◆ **Problem requirements**:
Could you restate every entry word for word, leaving the pictures out?

··· Data to use

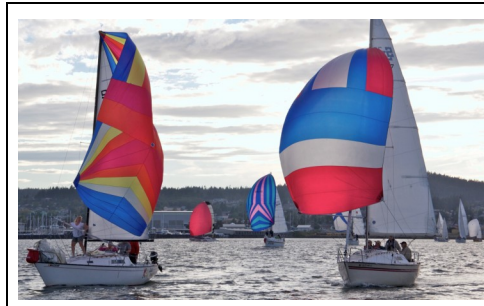
Wednesday Night Racing 2014

Fortunately, our sailing season is only just beginning. Hopefully, we will be able to get our program started again though social distancing has just been extended another month. That's still just May, but many of us don't get much sailing before then anyway. Suggestions are requested, if you have ideas on
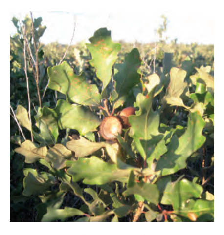
Figure 40A. Shinnery oak (Quercus havardii).

HABITAT: Gambel oak is found throughout the mountainous regions of New Mexico at elevations from 5,000–8,000 feet, often in thickets. Shinnery Oak is found predominantly in the eastern third of New Mexico and is most prevalent in sandy areas.
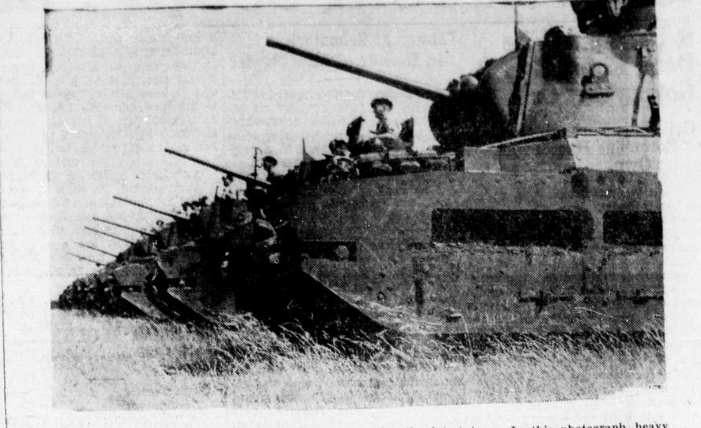
The Canadian Army Tank Brigade now in Britain have been given their first new tanks for further training. They have been among the first to receive the latest type. In this photograph heavy tanks of a French and English-speaking battalion from Quebec Province are lined up in mass formation.
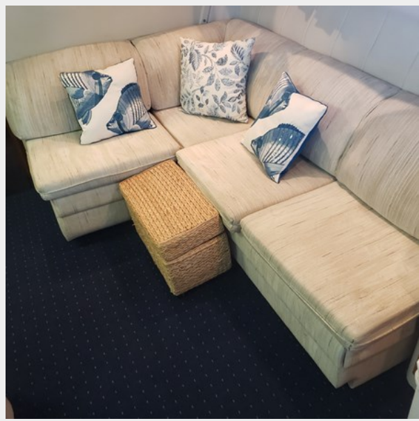
8) Stb Settee
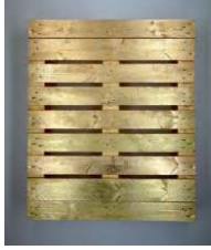
NBT/S 2/00 Nils Bleibtreu "Epal Euro 2", 2014 composition leaf, wood, nails 120 x 100 x 17 cm / 47 1/4 x 39 1/3 x 6 2/3 in
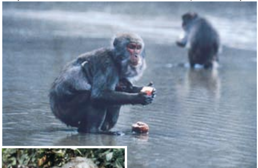
Figure 1 Japanese monkey washing potatoes. About half a century ago, a juvenile Japanese macaque developed sweet-potato washing on the island of Koshima. The habit spread to the rest of the population. None of these monkeys is still alive today, but their descendants are still washing potatoes.

Genes determine general abilities, such as tool use, but it is hard to imagine that they instruct apes how exactly to fish for ants or whether or not to make cushy seats out of vegetation. Moreover, Whiten and colleagues found no evidence that habits vary more between, than within, the three existing subspecies of chimpanzee. So genetics cannot account for the observed variability. Take the two best-known communities: those studied by Jane Goodall in Gombe National Park, and by Toshisada Nishida in the Mahale Mountains, both in Tanzania. The two sites are only 170 km apart, and both are inhabited by the Eastern subspecies

······

◆ **Your solution**:
Wednesday Night Racing 2014

Fortunately, our sailing season is only just beginning. Hopefully, we will be able to get our program started again though social distancing has just been extended another month. That's still just May, but many of us don't get much sailing before then anyway. Suggestions are requested, if you have ideas on
Figure 40A. Shinnery oak (Quercus havardii).

HABITAT: Gambel oak is found throughout the mountainous regions of New Mexico at elevations from 5,000–8,000 feet, often in thickets. Shinnery Oak is found predominantly in the eastern third of New Mexico and is most prevalent in sandy areas.
The Canadian Army Tank Brigade now in Britain have been given their first new tanks for further training. They have been among the first to receive the latest type. In this photograph heavy tanks of a French and English-speaking battalion from Quebec Province are lined up in mass formation.
8) Stb Settee
NBT/S 2/00 Nils Bleibtreu "Epal Euro 2", 2014 composition leaf, wood, nails 120 x 100 x 17 cm / 47 1/4 x 39 1/3 x 6 2/3 in
Figure 1 Japanese monkey washing potatoes. About half a century ago, a juvenile Japanese macaque developed sweet-potato washing on the island of Koshima. The habit spread to the rest of the population. None of these monkeys is still alive today, but their descendants are still washing potatoes.

Genes determine general abilities, such as tool use, but it is hard to imagine that they instruct apes how exactly to fish for ants or whether or not to make cushy seats out of vegetation. Moreover, Whiten and colleagues found no evidence that habits vary more between, than within, the three existing subspecies of chimpanzee. So genetics cannot account for the observed variability. Take the two best-known communities: those studied by Jane Goodall in Gombe National Park, and by Toshisada Nishida in the Mahale Mountains, both in Tanzania. The two sites are only 170 km apart, and both are inhabited by the Eastern subspecies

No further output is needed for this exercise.